Thanks for your attention and pointing this out.

Let me clarify this. We have at most three training steps for IDOL:

Step 1: pre-training the instance segmentation pipeline on COCO, following all other VIS methods. Step 2: pre-training IDOL on pseudo key-reference pair from COCO. (This step forces the model to learn a position-insensitive contrastive embedding that relies on appearance of the object rather than the spatial position.) Step 3: finetune our VIS method IDOL on VIS dataset (YTVIS19/YTVIS21/OVIS), following all other VIS methods.

So, the main difference is Step 2. In Table 3,4,5, all the IDOL results marked with $\dagger$ are obtained by Step 1+2+3, others without $\dagger$ are obtained by Step 1+3.

We will add more detailed experimental settings in the next arXiv version ~

HanGuangXin commented 2 years ago

@wjf5203 Hi, so there are 2 steps of pre-train. The first step is on single frame with static COCO images. The second step is on pseudo key-reference pairs.
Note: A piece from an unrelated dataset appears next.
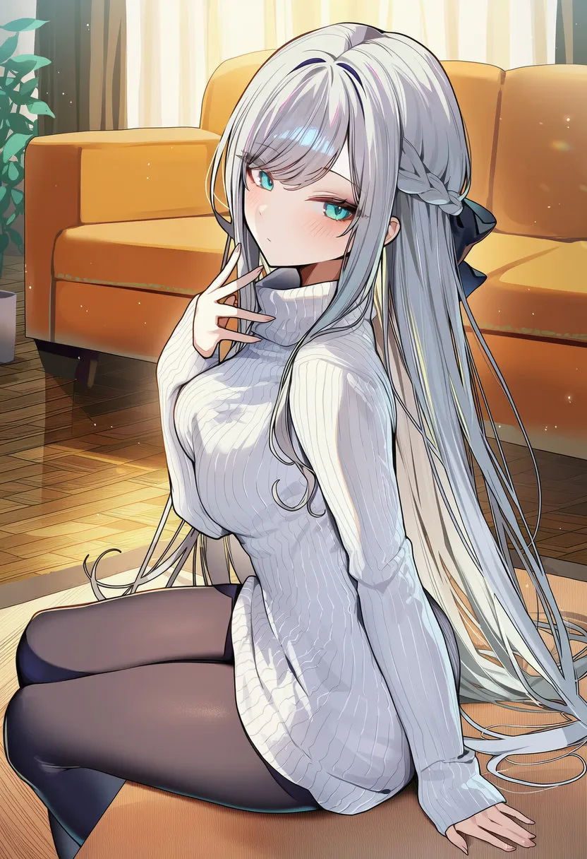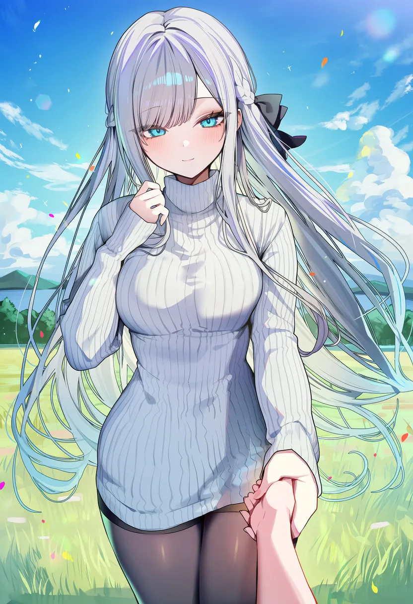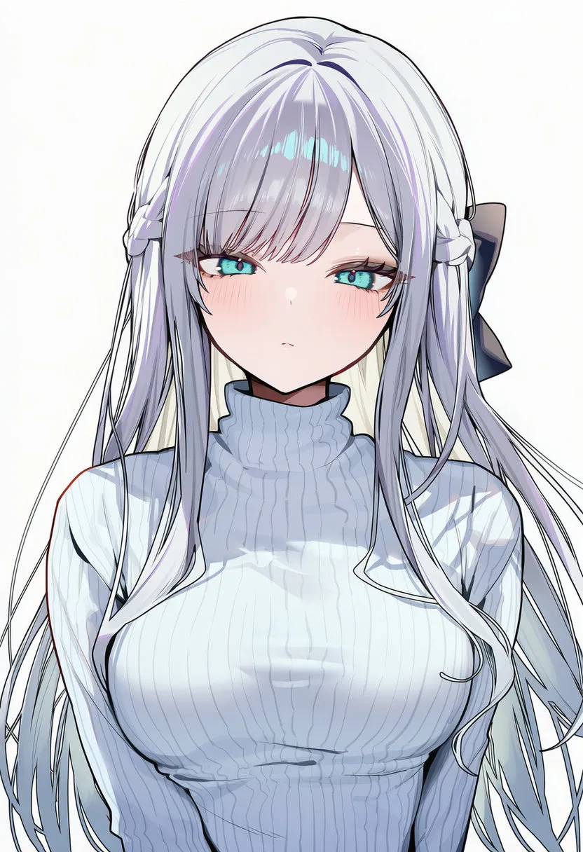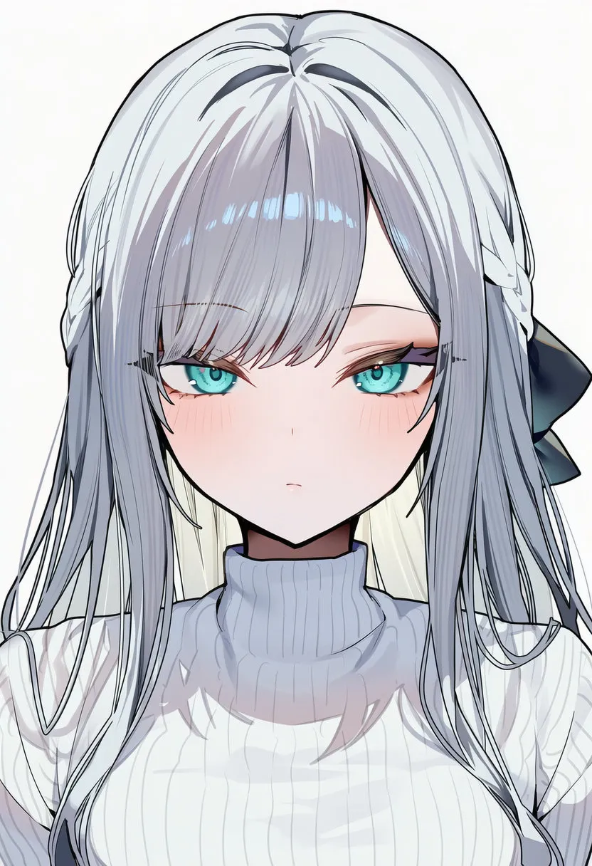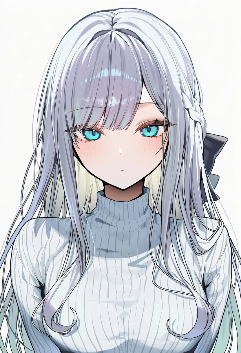 제거: medium breasts, swept bangs, half up braid, short ponytail, hair bow, black bow, aqua eyes, white turtleneck, looking at viewer, cowboy shot

And I have 3 questions about this:

Why do we have to do pre-train on static COCO images first? Why just using the second is not enough?
The provided pre-trained weights is from the second step, not the first step? If so, could you provide the trained weights of the first step?
How can I do the first step pre-training by myself? It seems the code only support the second and the third steps.